Data excerpt Block Start
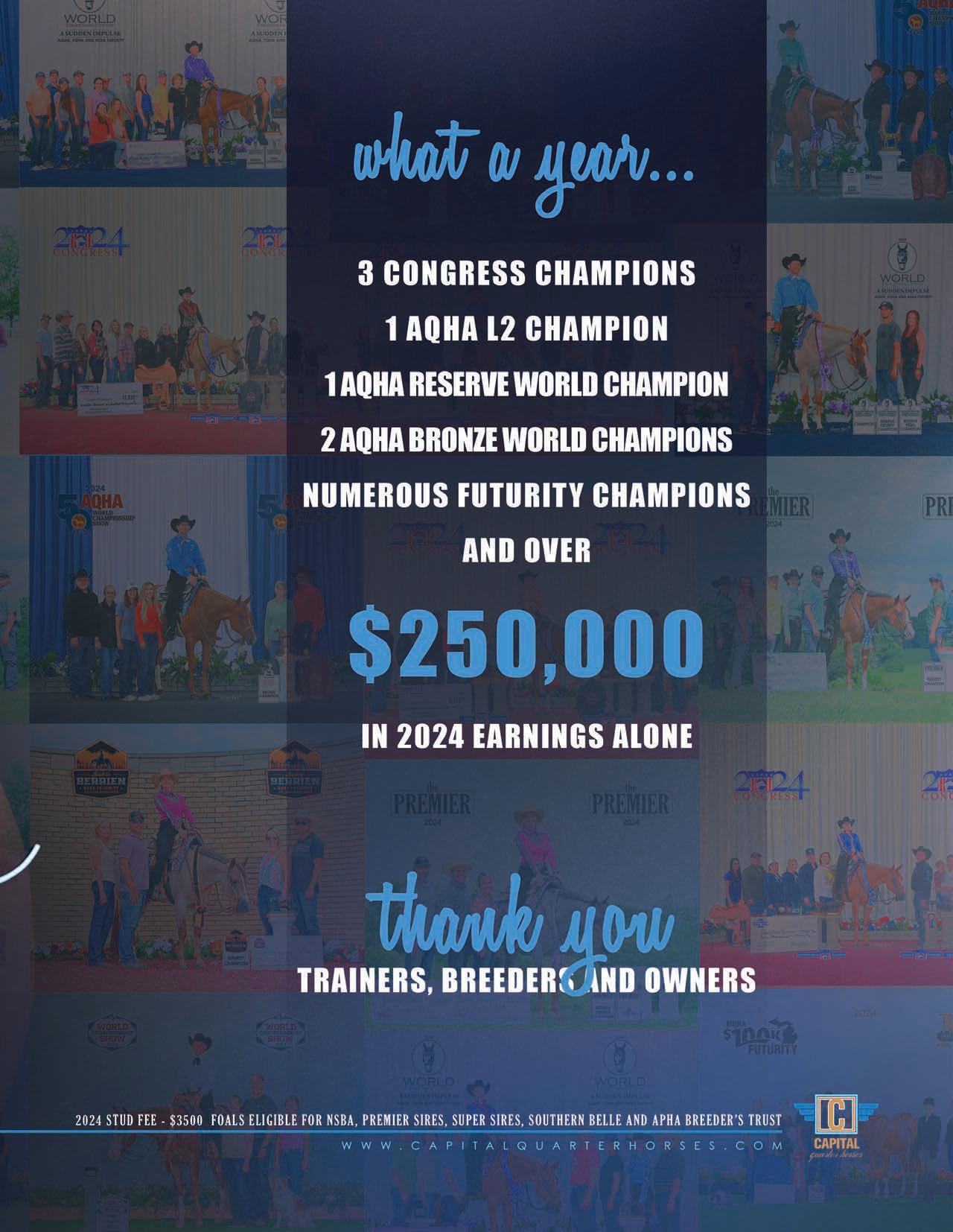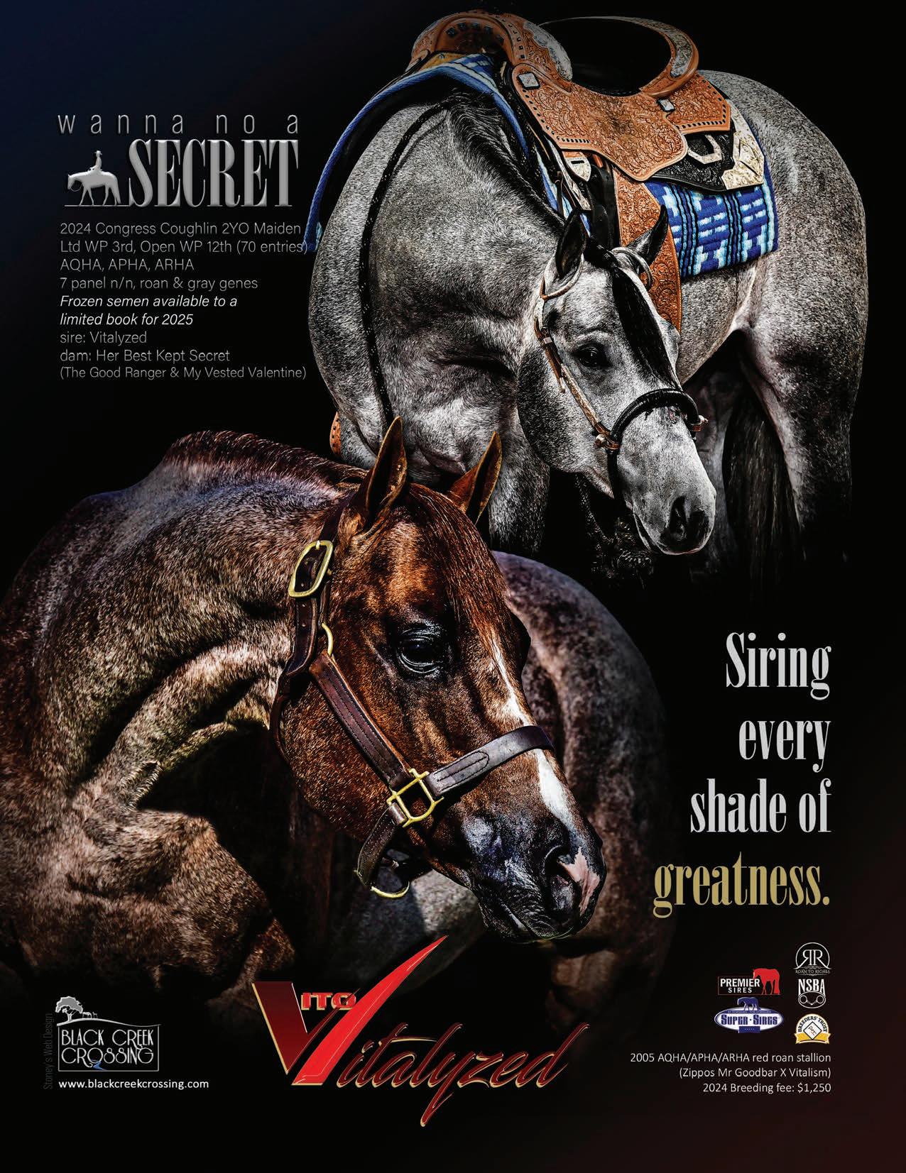 Now, the fun in Outlaw’s journey has shifted from watching him bring home to titles to cheering on his offspring. His first foal crop hit the show pen under saddle in 2024. “Now,” says Danielson, “we are really enjoying seeing his babies come into their own. He has a lot of exceptional babies out there and we’re super excited about them starting to show.”
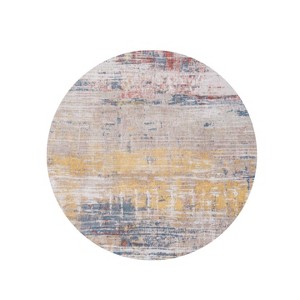 Add some artistry to your room with this 5-foot white round abstract non skid area rug. This geometric round shaped rug features a abstract pattern in white that combines a good looking print with a unique and updated shape. The mix of shape, color, and design gives this rug refreshing visual interest. This smaller sized rug is just what you need for your walkway, or in front of door, cabinet, refrigerator, or chair. 48-inch h x 48-inch w x 0.12-inch d
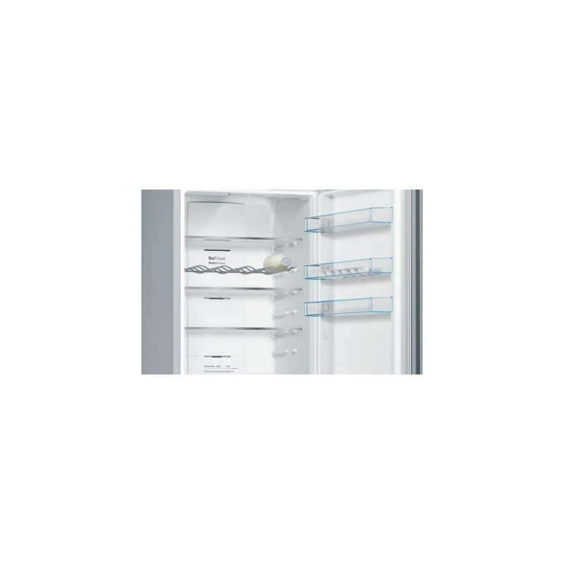 <br />Bosch Serie 4 KGN39VLEB. Total net capacity: 368 L. Door hinge: Right. Climate class: SN-T, Noise level: 39 dB. Fridge net capacity: 279 L, No Frost (fridge), Multi-Airflow system (fridge), Fridge interior light. Freezer net capacity: 89 L, Freezing capacity: 14 kg/24h, No Frost (freezer). Fresh zone compartment. Energy efficiency class: E, Annual energy consumption: 238 kWh. Product colour: Stainless steel
Data excerpt Block End
Work order
Reprint the whole listing above exactly, taking out the pictures.

Final answer
 Now, the fun in Outlaw’s journey has shifted from watching him bring home to titles to cheering on his offspring. His first foal crop hit the show pen under saddle in 2024. “Now,” says Danielson, “we are really enjoying seeing his babies come into their own. He has a lot of exceptional babies out there and we’re super excited about them starting to show.”
 Add some artistry to your room with this 5-foot white round abstract non skid area rug. This geometric round shaped rug features a abstract pattern in white that combines a good looking print with a unique and updated shape. The mix of shape, color, and design gives this rug refreshing visual interest. This smaller sized rug is just what you need for your walkway, or in front of door, cabinet, refrigerator, or chair. 48-inch h x 48-inch w x 0.12-inch d
 <br />Bosch Serie 4 KGN39VLEB. Total net capacity: 368 L. Door hinge: Right. Climate class: SN-T, Noise level: 39 dB. Fridge net capacity: 279 L, No Frost (fridge), Multi-Airflow system (fridge), Fridge interior light. Freezer net capacity: 89 L, Freezing capacity: 14 kg/24h, No Frost (freezer). Fresh zone compartment. Energy efficiency class: E, Annual energy consumption: 238 kWh. Product colour: Stainless steel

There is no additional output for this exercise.